Os professores, eu e a Helenit

Eita dias corridos...No meio da correria teve Caetano (adoro ele mas o show nem tanto), Festival do Rio ( Nebraska vale a pena ver e rever), Documentário sobre Helenita e Circo Marcos Frota. Maaaaaas nem tudo são flores e no meio da correria também tiveram professores massacrados,bombas e muito gás lacrimogênio!O que para mim foi assustador, ver a que ponto nossa sociedade chegou. Não bastam as péssimas condições de trabalho, o salário ridículo que ficou ainda mais ridículo com o corte no ponto dos grevistas, agora apanhar e levar gás na cara? E ainda ver a mídia colocando o povo contra as manifestações, contras os professores. É triste assistir a tudo isso. Dá vontade de realmente quebrar tudo. E os Black Bloc ainda saem como vilões da história. Contudo, basta parar um pouquinho para pensar que os vilões estão lá em suas casas na zona sul, desfrutando do dinheiro da população enquanto nós temos que enfrentar um transporte público de merda, a falta de educação do povo, a falta de estrutura da cidade, os hospitais sucateados e por aí vai...Enquanto tudo isso acontece vejo as pessoas se alienando cada vez mais, aceitando tudo que vem da mídia como verdade, assistindo a programação imbecializante da nossa TV.

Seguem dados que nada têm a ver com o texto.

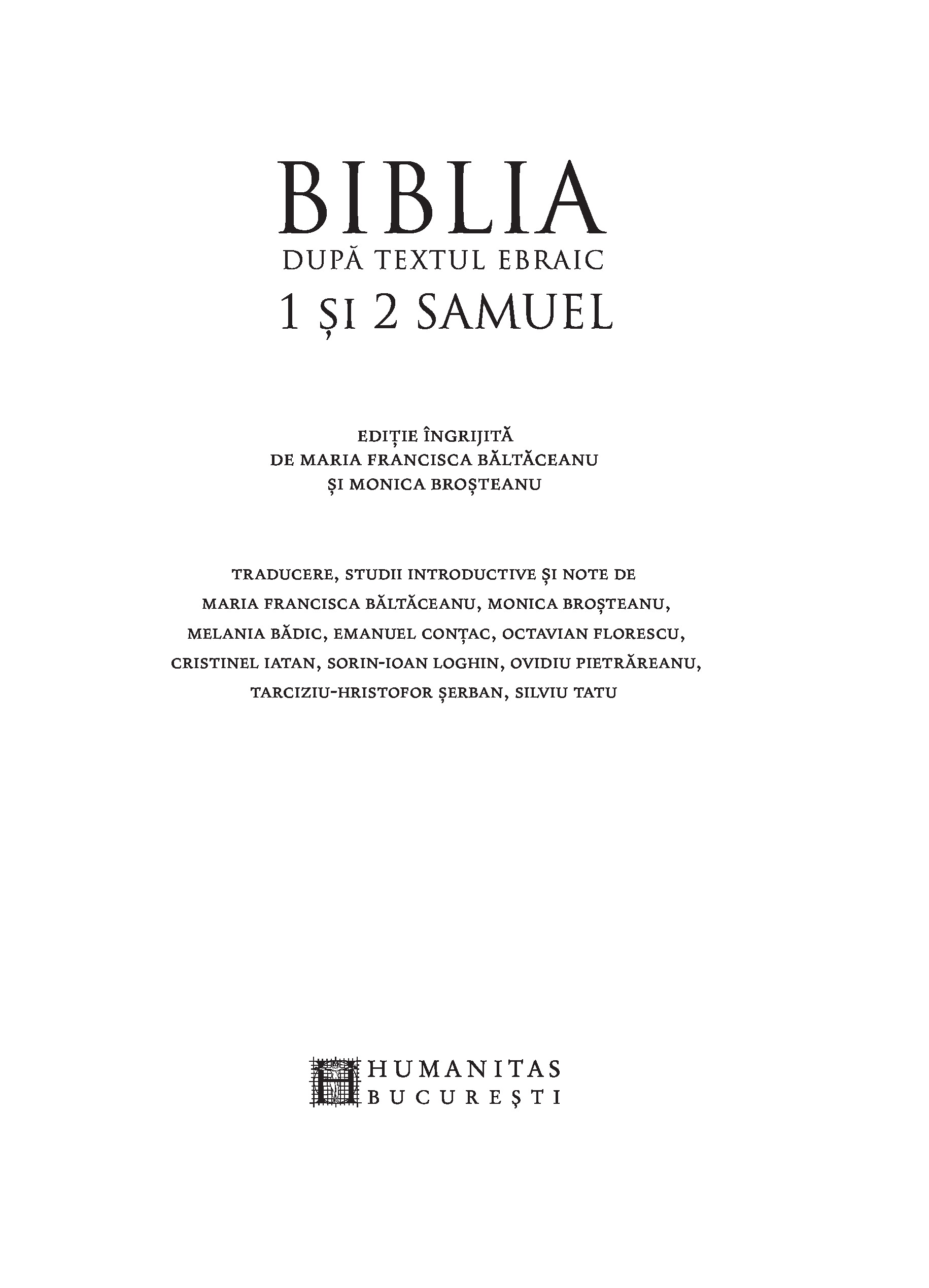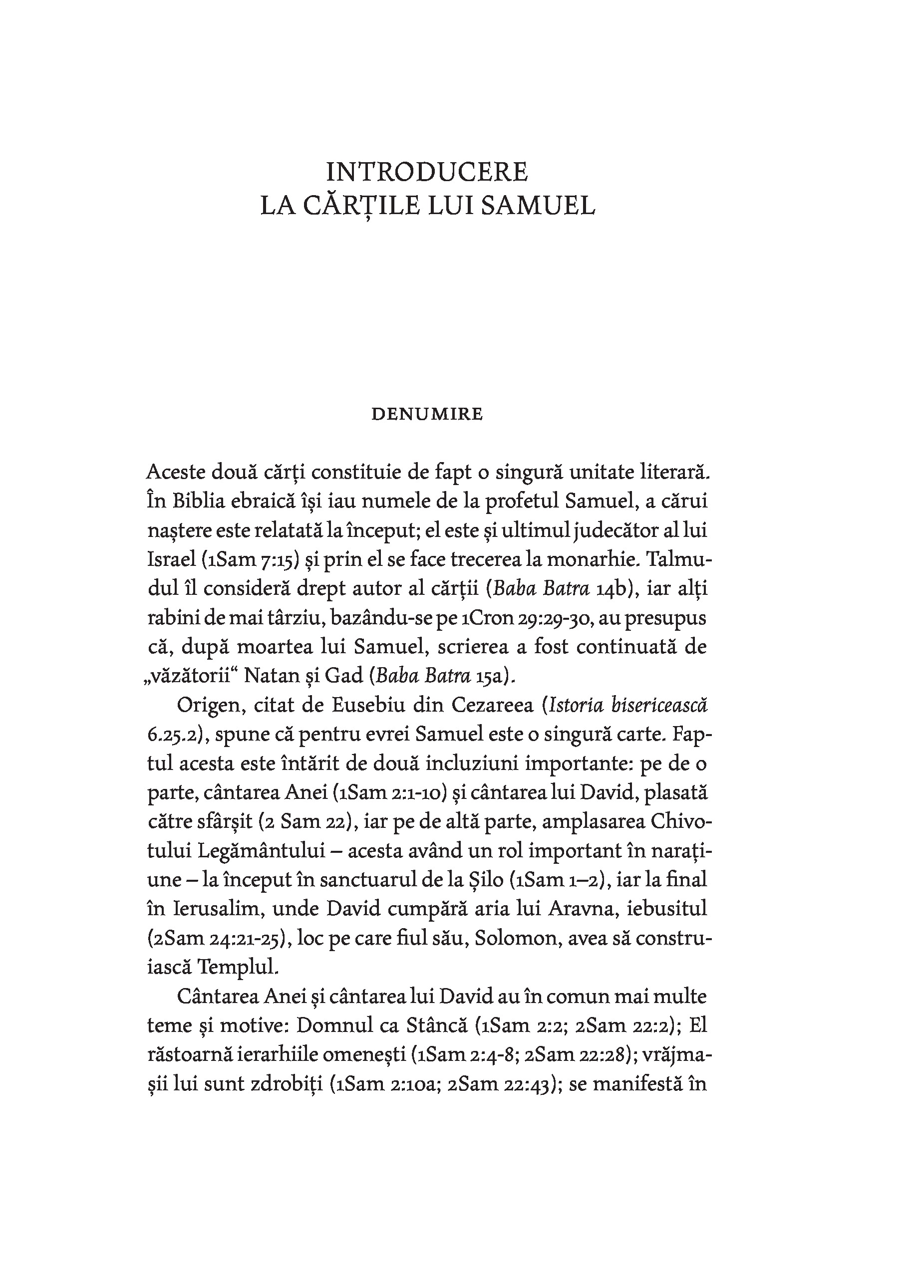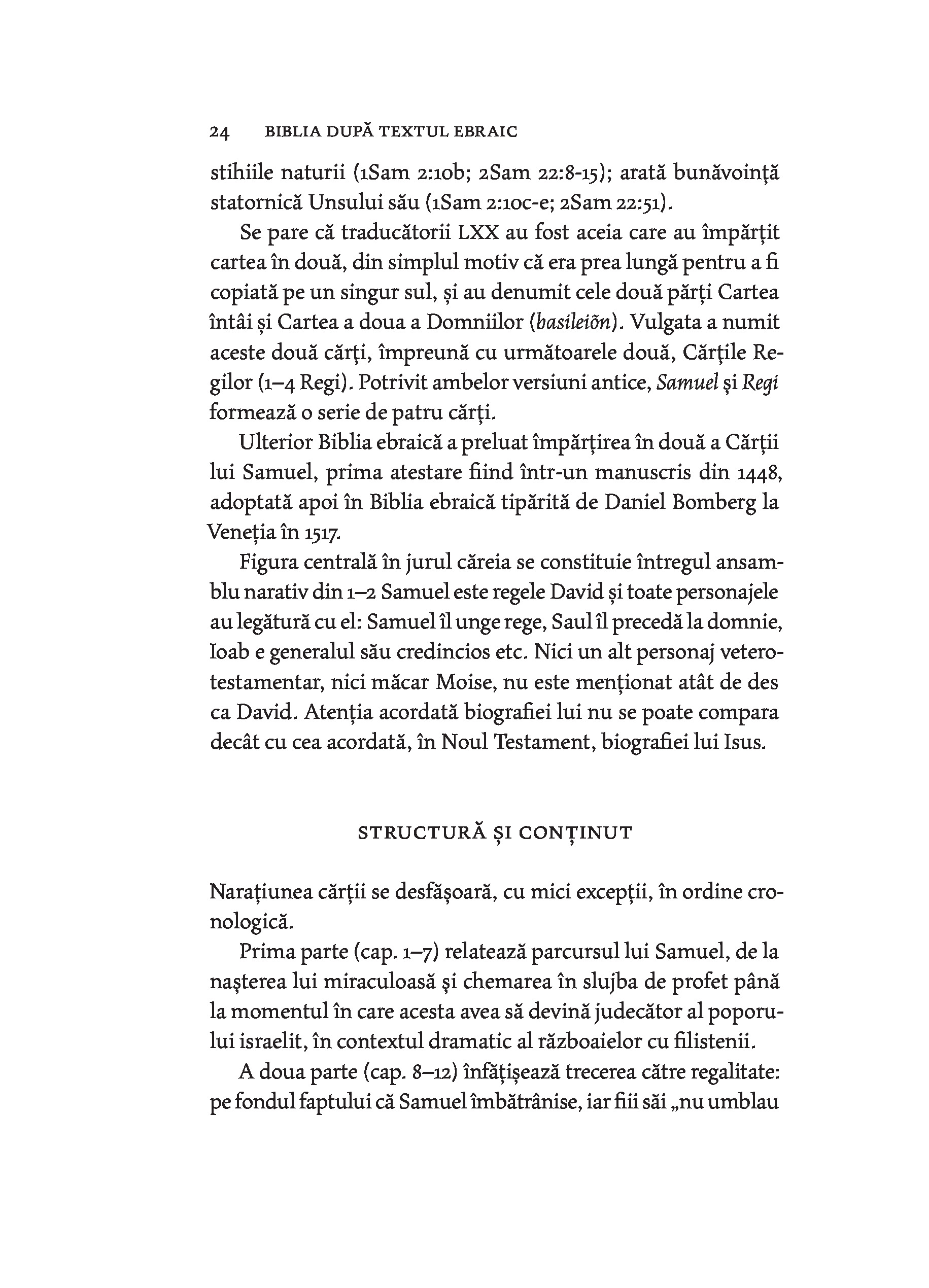 Volumul de față, 1 și 2 Samuel, este al cincilea dintr-o serie care va cuprinde traducerile tuturor textelor Bibliei ebraice și al doilea din secțiunea a doua a acesteia, Neviim („Profeții“), însoțite de studii introductive, note și comentarii.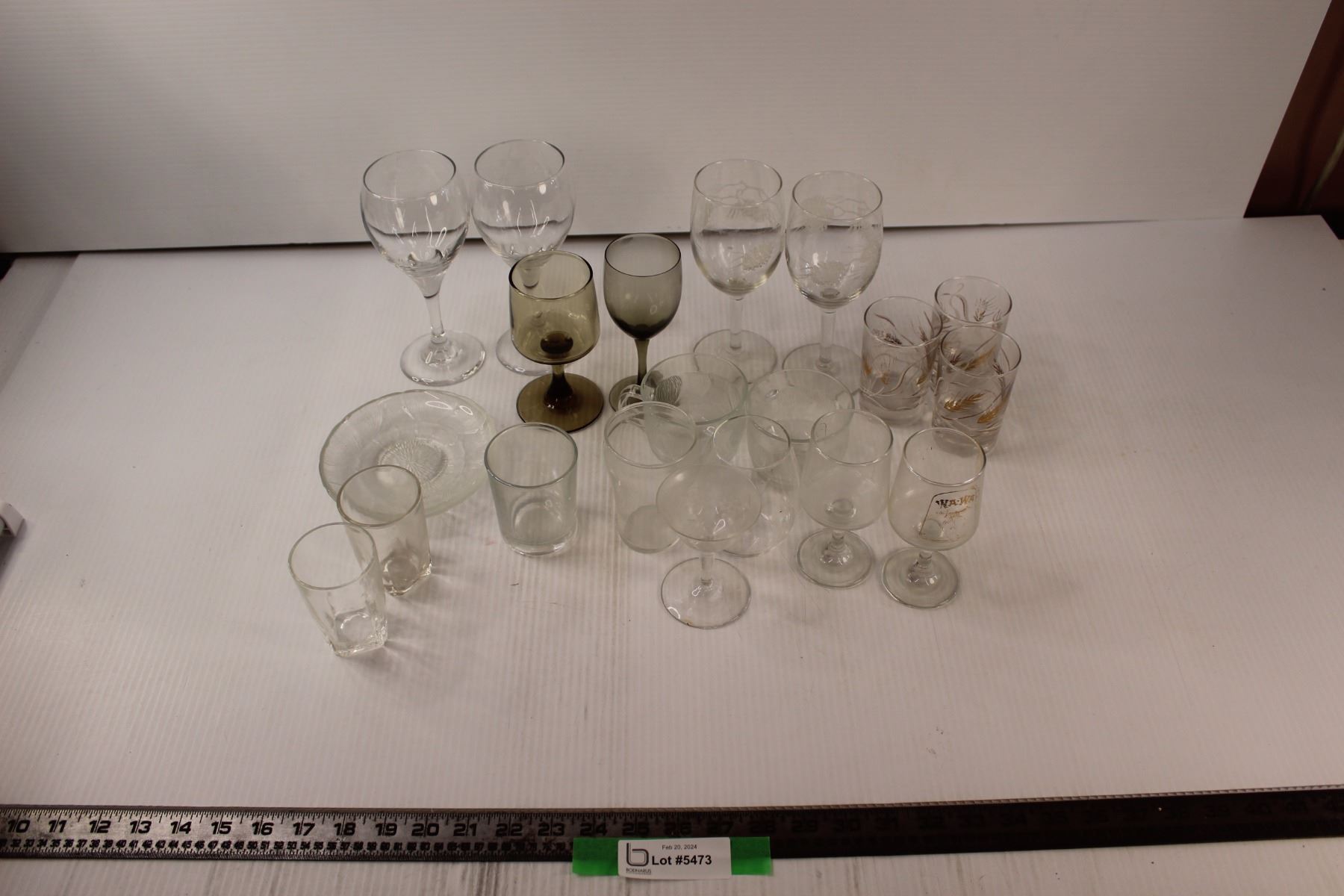 Various Glassware - Wine, Saucers, Cups, Glasses etc.

Ok. Essa é a parte triste mas também tem coisa boa! Essa nova faculdade está mexendo demais comigo. Um novo viés para olhar para si e para o mundo, mais filosófico, poético, cultural e psicológico. Fico pensando por que passei 4 anos na Educação Física, um curso em que podia contar nos dedos as matérias que de fato me interessavam. Acredito que nada é por acaso e tudo é como tem que ser, então se foi assim, que bom! Esse tempo serviu para eu amadurecer e para eu conhecer o yoga e ir a fundo nessa prática! Prática que eu não consigo mais tirar de mim, que é um caminho sem volta. E aí cruzo diretamente com Helenita, no sentido figurado é claro!Heheheheh!Depois de algumas horinhas de engarrafamento consigo chegar. A princípio, olhei os primeiros movimentos e falei “Isso é yoga”. Logo em seguida uma participante do filme fala sobre Shiva Nataraja, E depois Mantra. E Depois chackra. E depois prana. E aí eu tenho ceteza: isso é yoga! Helenita acreditava nas mesmas coisas que eu! Ah, que felicidade!HihiHIhiHihih!Claro que ela trouxe para a gente muito mais do que isso: eram os conceitos do yoga, de energia, espiritualidade, emoções, tudo aplicado a dança, ao movimento. Que coisa mais linda! A partir daí a dança passa a ser para todos, assim como o yoga, pois passa a ser algo do interior para o exterior, algo que busca uma conexão com o universo e não algo simplesmente mecânico e estético. Conclui que estou no lugar certo e que Helenita é diva!